▸ **Exercise objective**:
Exclude images; transcribe the rest of the data exactly.
==== Dataset content
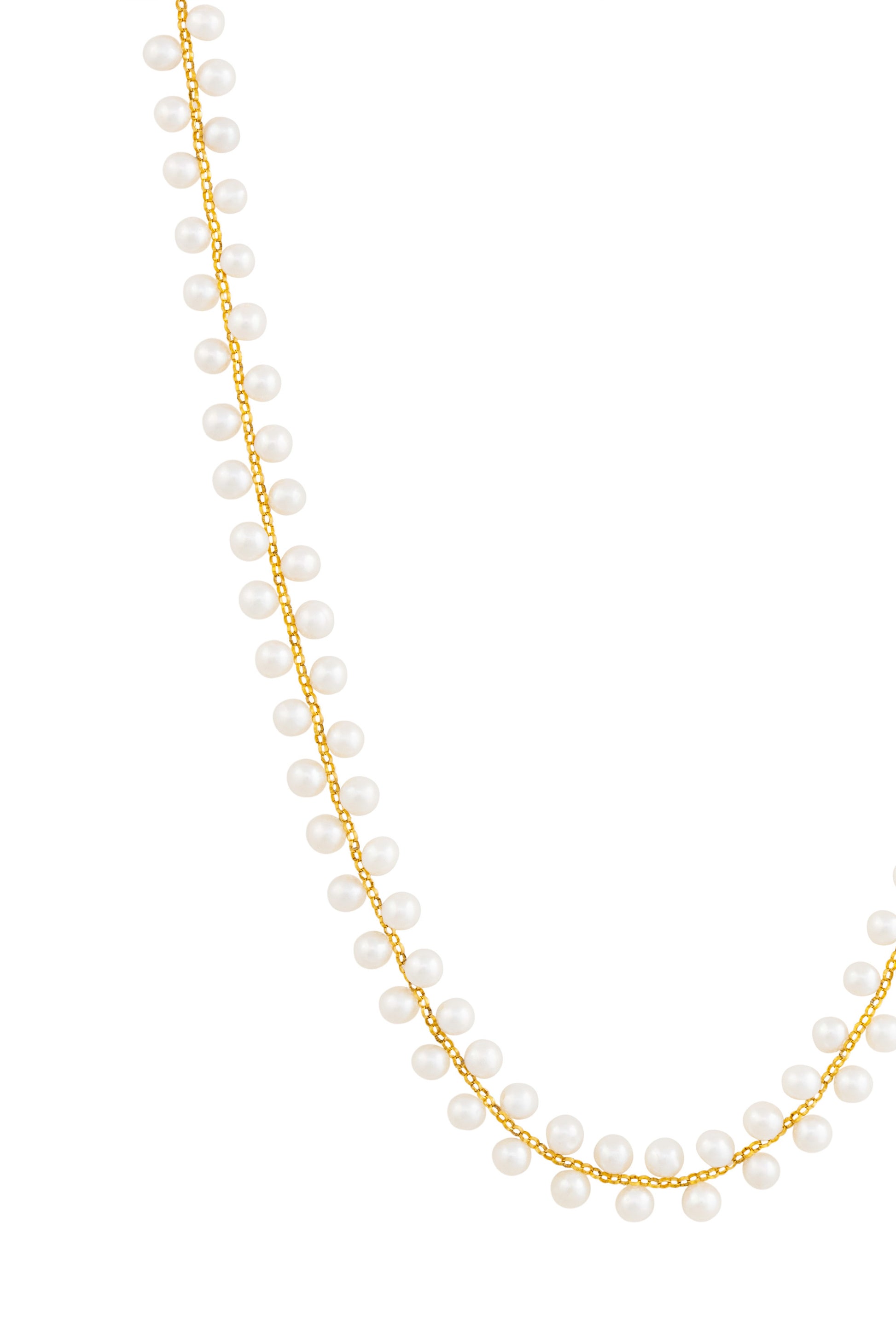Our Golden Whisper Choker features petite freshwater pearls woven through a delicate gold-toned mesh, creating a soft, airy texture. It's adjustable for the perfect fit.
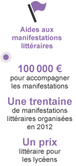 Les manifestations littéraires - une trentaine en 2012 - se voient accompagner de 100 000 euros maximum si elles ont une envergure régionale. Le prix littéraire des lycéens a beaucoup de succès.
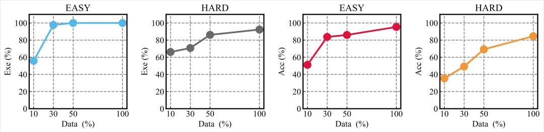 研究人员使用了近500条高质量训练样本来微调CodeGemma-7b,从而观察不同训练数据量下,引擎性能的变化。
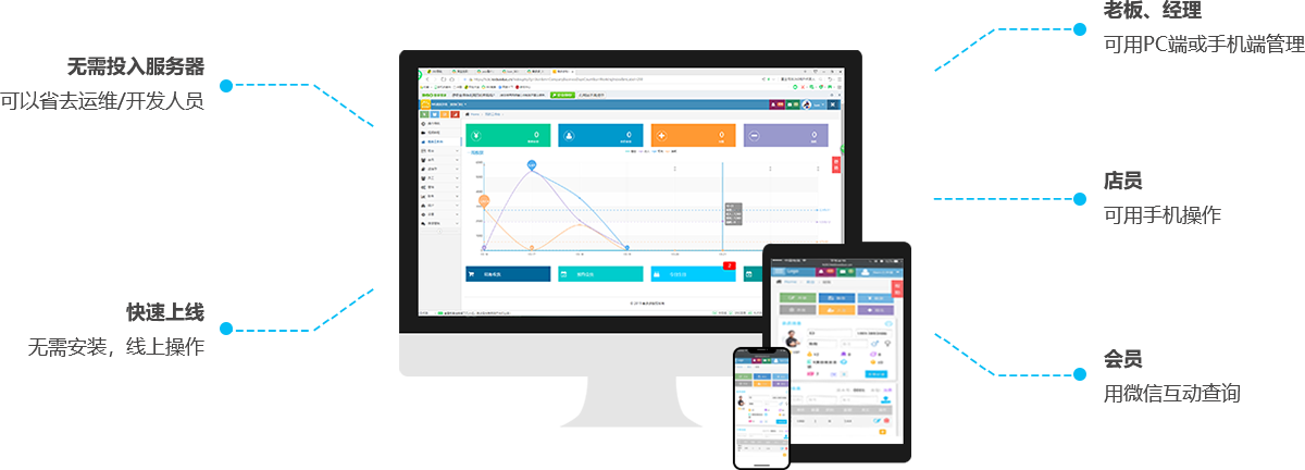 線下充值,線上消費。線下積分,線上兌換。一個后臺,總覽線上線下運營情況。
========
▸ **Task answer**:
Our Golden Whisper Choker features petite freshwater pearls woven through a delicate gold-toned mesh, creating a soft, airy texture. It's adjustable for the perfect fit.
 Les manifestations littéraires - une trentaine en 2012 - se voient accompagner de 100 000 euros maximum si elles ont une envergure régionale. Le prix littéraire des lycéens a beaucoup de succès.
 研究人员使用了近500条高质量训练样本来微调CodeGemma-7b,从而观察不同训练数据量下,引擎性能的变化。
 線下充值,線上消費。線下積分,線上兌換。一個后臺,總覽線上線下運營情況。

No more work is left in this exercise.